Prefilling an LLM’s response is akin to “putting words in its mouth”. For Claude, this guarantees that the generated text will start with the provided tokens (at least in my experience across millions of requests).

Here’s how we would do this via Claude’s Messages API, where we prefill the assistant’s response with <attributes><name>. This ensures that Claude will start with these exact tokens, and also make it easier to parse the <attributes> downstream.

input = """
<description>
The SmartHome Mini is a compact smart home assistant available in black or white for 
only $49.99. At just 5 inches wide, it lets you control lights, thermostats, and other 
connected devices via voice or app—no matter where you place it in your home. This 
affordable little hub brings convenient hands-free control to your smart devices.
</description>

Extract the <name>, <size>, <price>, and <color> from this product <description>.

Return the extracted attributes within <attributes>.
"""

messages=[
    {
        "role": "user",
        "content": input,
    },
    {
        "role": "assistant",
        "content": "<attributes><name>"  # Prefilled response
    }
]

n-shot prompting

Perhaps the single most effective technique for conditioning an LLM’s response is n-shot prompting. The idea is to provide the LLM with n examples that demonstrate the task and desired output. This steers the model towards the distribution of the n-shot examples and usually leads to improvements in output quality and consistency.

But n-shot prompting is a double-edged sword. If we provide too few examples, say three to five, we risk “overfitting” the model (via in-context learning) to those examples. As a result, if the input differs from the narrow set of examples, output quality could degrade.
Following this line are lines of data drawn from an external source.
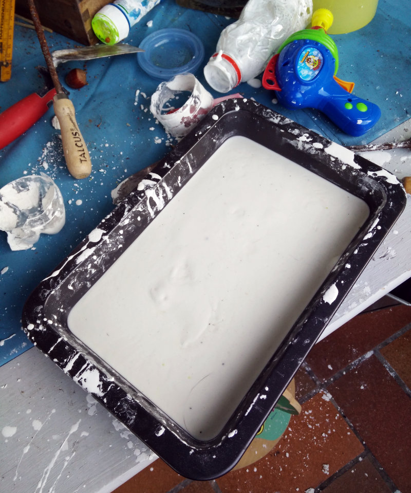 Dafür hat er sämtliche verfügbaren Stärkereserven mit etwas Wasser vermengt und probiert, das Resultat auf verschiedenste Art zu verwenden. Zum Beispiel in der abgebildeten flachen Wanne. Oder in einem Becher. Oder in einem Luftballon als Stressball.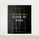 Celebrate your graduation in style with this 'My Grad Era Class of 2026' photo backdrop. Featuring a sleek black background adorned with golden stars and bold text, this tapestry is perfect for creating a memorable graduation party or photo booth experience. It's an ideal way to commemorate this significant milestone and capture lasting memories with friends and family. The minimalist yet striking design ensures it will be a standout feature at any graduation celebration, making it a cherished keepsake for years to come.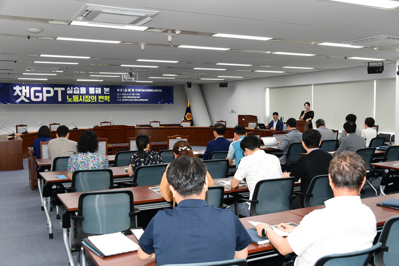[광주 세계타임즈=손권일 기자] 광주시의회 새로운노동특별위원회(위원장 채은지, 이하 새노동특위)가 27일 ‘챗GPT실습을 통해 본 노동시장의 변혁’이라는 주제로 광주광역시의회 전 의원 및 직원 대상 특강을 개최했다.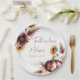 Fall in love boho earthy burgundy pumpkin sunflowers pampas grass bridal shower monogram personalised printed paper plates template personalised sunflowers bridal shower table decor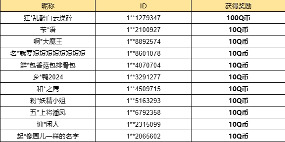 为了保护大家的个人隐私,以后开奖信息将由部分屏蔽的昵称+ID组成,小伙伴们可一定要仔细核对哦~

I typically have at least a dozen samples or more. Most academic evals use 32-shot or 64-shot prompts. (This is also why I tend not to call this technique few-shot prompting because “few” can be misleading on what it takes to get reliable performance.)

We also want to ensure that our n-shots are representative of expected production inputs. If we’re building a system to extract aspects and sentiments from product reviews, we’ll want to include examples from multiple categories such as electronics, fashion, groceries, media, etc. Also, take care to match the distribution of examples to production data. If 80% of production aspects are positive, the n-shot prompt should reflect that too.

input = """
<description>
The SmartHome Mini is a compact smart home assistant available in black or white for 
only $49.99. At just 5 inches wide, it lets you control lights, thermostats, and other 
connected devices via voice or app—no matter where you place it in your home. This 
affordable little hub brings convenient hands-free control to your smart devices.
</description>

Extract the <name>, <size>, <price>, and <color> from this product <description>.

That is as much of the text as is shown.